The writer identifies himself as “Judas” – Ioudas in Greek, which is from the Hebrew name Yehuwdah (Judah). That our modern Bibles call him “Jude” is simply a tradition borne out of an effort to differentiate the writer of this letter from Judas Iscariot, the man who is the betrayer of Jesus in the four Gospels. In fact, the writer of the letter of Jude, and the betrayer Judas Iscariot, had identical names.

In addition to identifying himself as Judas, he also calls himself a servant of Jesus and a brother of James. It seems a reasonably certain fact that Jesus had a brother named James, who went on to become a prominent figure in the early Christian church, specifically as head of the Church at Jerusalem – home base for Christianity, as it were. The Epistle of James in the New Testament is traditionally attributed to him. Any religious reference by a 1st century Christian to “James” could well be referring to James the brother of Jesus. Therefore, in noting that his brother is James, the writer of Jude may also be claiming kinship to Jesus.

Both Mark and Matthew refer to Jesus’ brothers, and both include a James and a Judas. This may seem to support the idea that the writer of Jude was, in fact, Jesus’ brother. However, Church tradition has generally attributed this text to a different person – the disciple known as St. Jude (hence the name of the letter). St. Jude the disciple is referred to as “Judas, brother of James” in the Gospel of Luke. However, only Luke and John mention this disciple. The list of 12 in Mark and Matthew contains no “Judas, brother of James” as a disciple of Jesus. Instead, Judas is replaced in these two Gospels with a disciple known as Lebbaeus Thaddaeus. Traditionally, the Church has simply argued that Judas, brother of James, and Lebbaeus Thaddaeus were one and the same. Other than contradicting lists between Luke and the other Gospels, however, there is no evidence to support this assertion. Furthermore, the English translation “Judas, brother of James,” is probably inaccurate, as the original Greek grammatical context actually calls this Judas the son of James. Since the writer of Jude definitely calls himself a brother, and not a son, of James, it would appear that St. Jude and the writer of the Epistle of Jude cannot be the same person.

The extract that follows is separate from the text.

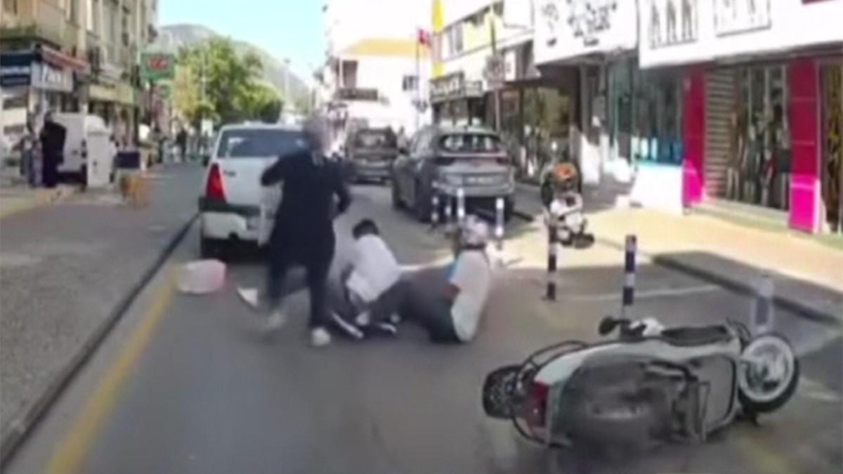 Görüntülerde yolun karşısına geçmek isteyen kadını fark eden otomobilin yavaşladığı ve otomobilin sağından gelen motosikletin kadına çarptığı anlar yer aldı.

Most scholars in the modern world suggest that if the writer of Jude was attempting to call himself Judas the brother of James and Jesus, or if he was claiming to be St. Jude the disciple, then he was probably writing pseudonymously – that is, claiming to be someone else for the purpose of sounding authoritative. This is known to have been extremely common especially in the first few centuries of Christian history. Even Paul, the earliest New Testament writer, warns about people writing forged letters in his name (although this warning, ironically enough, comes in a letter than many scholars believe was, in fact, a forgery). On the other hand, it is not entirely clear that the writer of Jude was claiming to be Judas the brother of James and Jesus or St. Jude the disciple. He doesn’t identify himself as one of the 12, after all, and he certainly doesn’t claim to be Jesus’ brother. It may be that he was just an anonymous Judas, who had a brother named James, and therefore referred to himself as such. This, however, would cast doubt on the authority of the text itself, and there can be no question that the early Church councils of the 4th century, who ultimately decided on which texts to include in the canon, included Jude out of the belief that it came from St. Jude the disciple, and was therefore authoritative.

Such is the tenuous nature of the origins and authority of the texts we call Scripture.

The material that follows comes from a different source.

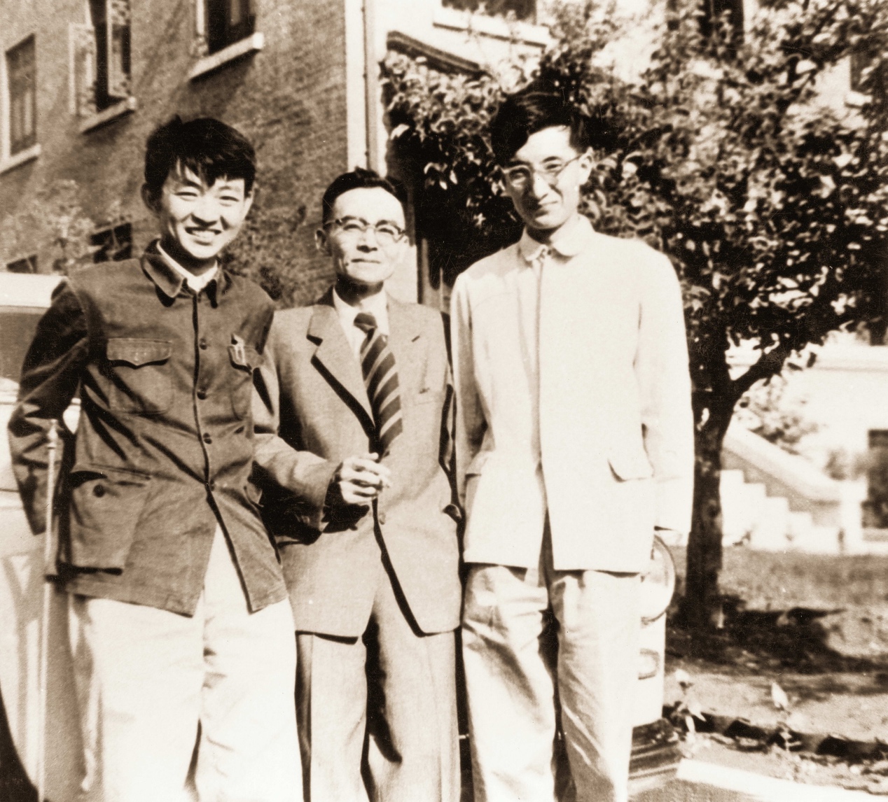 梁思成(左二)与李道增(左一)、林志群参加全国科学规划时合影

As for the letter itself, many scholars have noted the chiastic form of the text. “Chiastic” writing is a poetic form of writing wherein the wording of successive phrases is reversed: “He climbed up the hill, and up the hill climbed she.” In its more complex form, a succession of entire topics will be followed, and then reversed. Outlined, it may look something like this: A, B, C, D, C, B, A.

Scholars have argued that Jude is written chiastically, with five opening sections, a pinnacle, and five closing sections that reverse the five opening sections.

A1. Assurance for the Christian.
B1. The Believer and the Faith.
C1. Apostates Described.
D1. Apostasy in Old Testament history.
E1. Apostates in the Supernatural Realm.

F. An Ancient Trio of Apostates.

E2. Apostates in the Natural Realm.
D2. Apostasy in Old Testament prophecy.
C2. Apostates Described.
B2. The Believer and the Faith.
A2. Assurance for the Christian.

(Source: Coder, S. Maxwell, “Jude: The Acts of the Apostates.” Chicago, Moody Press, 1958, p. 6.)


After identifying himself, the writer of Jude opens his short letter with a warning to Christians about false teachers, a problem that seems to have become epidemic by the start of the 2nd century when the writer of Jude was probably composing his letter.

By this time, Christianity had spread far enough that many people in many different areas were teaching and practicing varying forms of Christianity, some of which were so different as to almost be separate religions. Debates raged among these congregations about the nature of Jesus, the nature of God, Jesus’ relationship to God, the meaning of Jesus’ life and death, the meaning of the resurrection, which apostolic tradition was primary, and so on. In short, all the things that many Christians are still debating and discussing today!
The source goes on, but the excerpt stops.